EU commissioners backed EU Trade Chief Karel De Gucht's proposal to levy the provisional duties by 6 June and make Chinese solar exports less attractive, two officials said.
Shares in German manufacturers SolarWorld, Phoenix Solar and Centrotherm rose sharply, while China's Suntech fell heavily.
The investigation into accusations of dumping is the biggest the Commission has launched, but Brussels is trying to tread a careful path, knowing it needs China, the EU's second largest trading partner, to help the bloc pull out from recession.
China's ambassador to the World Trade Organization, Yi Xiaozhun, called the decision a mistake although he declined to comment on any possible retaliation.
"It will send the wrong message to the world that protectionism is coming," Yi told Reuters in Geneva on 8 May.
China's Commerce Ministry on 9 May called for dialogue. "We don't want to see a trade war between the two sides and we hope the EU can cautiously make the ruling decision on China's solar panel products," spokesman Yao Jian told reporters.

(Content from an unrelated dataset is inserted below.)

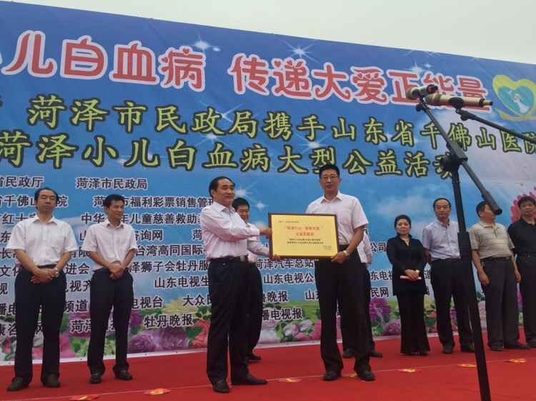 爱在初秋,相约菏泽!2015年9月11日,山东省民政厅、菏泽市民政局携手山东省千佛山医院和小天使基金会联合举办的“救助小儿白血病、传递大爱正能量”山东省首次救助小儿白血病大型公益救助活动在菏泽大剧院牡丹广场启动。山东省千佛山医院副院长 任勇、菏泽市副市长单立新、菏泽市民政局局长李士三、副局长葛广亮,菏泽市红十字会副会长张之轩等领导以及嘉宾出席公益救助活动,同时还有山东省千佛山医院的专家、医护代表、爱心企业、爱心团体、现场群众以及新闻媒体记者400余人参加了公益救助活动。

Given that Germany and France are seeking to increase exports to China, De Gucht will try for a negotiated solution with new Chinese Commerce Minister Gao Hucheng before an EU deadline in December to cement the levies for up to five years.
That could mean agreeing a minimum price at which all solar panels makers selling in Europe adhere to, diplomats said.
Duties to average 47%
The EU duties, which will come into effect once the commission publishes the decision in its Official Journal, will be set at an average of 47%, officials said.
Trade specialists from all 27 EU countries will be consulted on 15 May at a meeting in Brussels and are expected to back the decision, although their position is non-binding.
The European Commission declined to comment.
Chinese solar panel production quadrupled between 2009 and 2011 to more than the entire global demand. EU producers say Chinese companies have captured more than 80% of the European market from almost zero a few years ago, exporting €21 billion to the European Union in 2011.
As a result, Chinese-made panels are as much as 45% cheaper than those made in Europe, industry executives say.
Europe accounted for half of the global market in 2012, which was worth $77 billion (€59 billion), according to research firm IHS.